A GBC is a tax-resident entity in Mauritius and has access to the country's full network of Double Taxation Avoidance Agreements. It requires an FSC licence and must meet substance requirements. An Authorised Company (AC), by contrast, is not considered a Mauritius tax resident, it is a non-resident vehicle that cannot benefit from DTAAs and carries a lighter regulatory and cost burden. The appropriate structure depends entirely on whether treaty access is commercially important to the client's objectives.
A GBC is subject to Mauritius corporate income tax at 15% on chargeable income. However, an 80% partial exemption is available on certain categories of qualifying income, including dividends, interest, royalties, and capital gains on shares, reducing the effective rate on those streams to 3%. The GBC files annual corporate tax returns with the Mauritius Revenue Authority and may also have FATCA and CRS reporting obligations depending on its activities and shareholder base.
Yes. A GBC may hold bank accounts both in Mauritius and internationally. In practice, the primary operating account will typically be held with a Mauritian bank, which may also provide multi-currency facilities and international payment capabilities. For certain business models, accounts may additionally be established at reputable international institutions in other jurisdictions, subject to each bank's own acceptance criteria and due diligence requirements.
The FSC requires that a GBC demonstrate genuine substance in Mauritius. This includes: having at least two resident directors who actively participate in board decisions; holding board meetings in Mauritius with appropriate documentation; maintaining accounting records and corporate books in Mauritius; and ensuring that core income-generating activities and key management decisions occur within the jurisdiction.
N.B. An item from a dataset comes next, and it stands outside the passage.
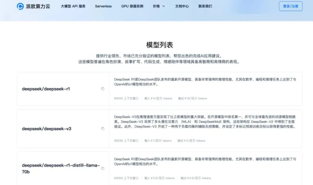 同日,腾讯云TI平台宣布上架DeepSeek系列模型,包括“满血”的V3、R1原版模型和基于DeepSeek-R1蒸馏得到的系列模型,全面支持DeepSeek系列模型的一键部署,并限时开放了R1模型的免费在线体验。除了六大云巨头外,国内AI基础设施企业无问芯穹更是早在1月28日除夕一大早就宣布了其Infini-AI异构云对DeepSeek-R1-Distill 32B模型的支持。PPIO派欧、云轴科技则同在2月2日官宣对于DeepSeek模型的支持。PPIO派欧算力云支持了DeepSeek-V3、DeepSeek-R1、蒸馏模型DeepSeek-R1-Distill-Llama-70B,模型价格与官方价格保持一致。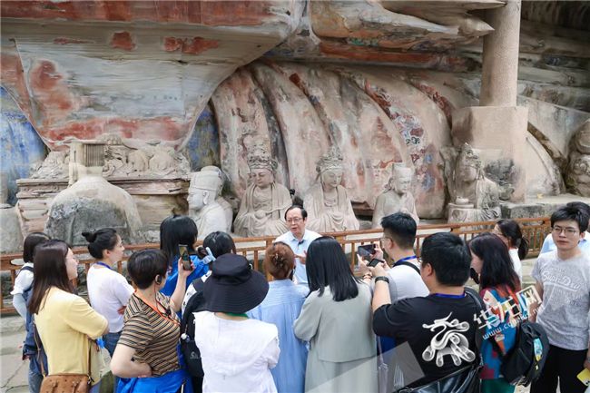 5月27-28日,2023年全國(guó)百家重點(diǎn)網(wǎng)絡(luò)媒體記者重慶行來(lái)到大足。在這里,來(lái)自全國(guó)近百家中央新聞網(wǎng)站和省、市級(jí)重點(diǎn)新聞網(wǎng)站的記者們與大足石刻近距離“對(duì)話”,感受石刻文化的魅力。

Aurevya's board services and governance practice ensures that all substance obligations are met systematically and documented appropriately.
From the point of engagement, the typical timeline to a fully licensed and banked GBC is 8–12 weeks. Company incorporation takes 5–7 business days; the FSC licence application typically requires 4–6 weeks for processing; and banking establishment adds a further 4–10 weeks depending on the institution and the completeness of the client's KYC documentation. Aurevya's streamlined process and established relationships compress these timelines wherever possible.